- [Information shown]
⁂
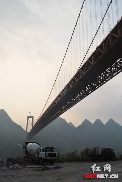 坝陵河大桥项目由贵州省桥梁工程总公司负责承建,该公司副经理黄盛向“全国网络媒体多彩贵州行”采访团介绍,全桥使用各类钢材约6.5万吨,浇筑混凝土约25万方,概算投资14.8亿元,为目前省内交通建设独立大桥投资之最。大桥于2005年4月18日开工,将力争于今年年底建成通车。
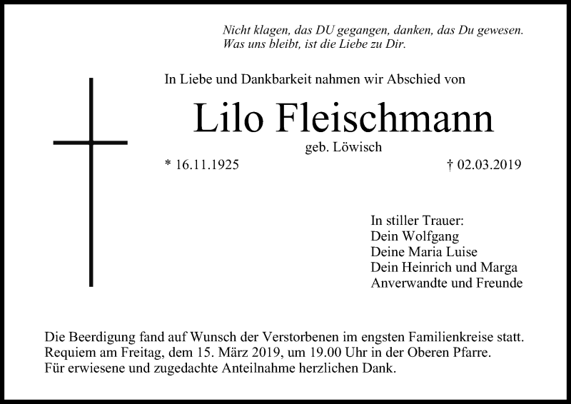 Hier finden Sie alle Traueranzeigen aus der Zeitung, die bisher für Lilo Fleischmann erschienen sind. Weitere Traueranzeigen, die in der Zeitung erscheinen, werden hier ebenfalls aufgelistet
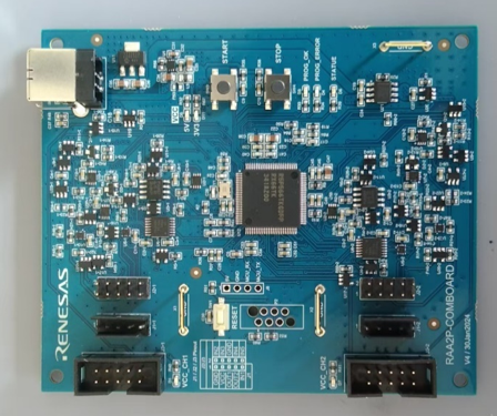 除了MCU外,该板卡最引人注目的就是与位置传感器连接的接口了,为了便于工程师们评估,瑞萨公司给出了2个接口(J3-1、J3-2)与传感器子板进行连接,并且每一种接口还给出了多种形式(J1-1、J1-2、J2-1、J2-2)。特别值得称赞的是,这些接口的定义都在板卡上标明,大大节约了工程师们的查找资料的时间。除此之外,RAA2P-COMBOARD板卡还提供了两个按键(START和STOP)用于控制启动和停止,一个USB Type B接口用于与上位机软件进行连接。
⁂
Write the lines out word for word, starting at the one with "Hier finden Sie" and stopping after the last line of the material above, with pictures excluded.

- [Your solution]
 Hier finden Sie alle Traueranzeigen aus der Zeitung, die bisher für Lilo Fleischmann erschienen sind. Weitere Traueranzeigen, die in der Zeitung erscheinen, werden hier ebenfalls aufgelistet
 除了MCU外,该板卡最引人注目的就是与位置传感器连接的接口了,为了便于工程师们评估,瑞萨公司给出了2个接口(J3-1、J3-2)与传感器子板进行连接,并且每一种接口还给出了多种形式(J1-1、J1-2、J2-1、J2-2)。特别值得称赞的是,这些接口的定义都在板卡上标明,大大节约了工程师们的查找资料的时间。除此之外,RAA2P-COMBOARD板卡还提供了两个按键(START和STOP)用于控制启动和停止,一个USB Type B接口用于与上位机软件进行连接。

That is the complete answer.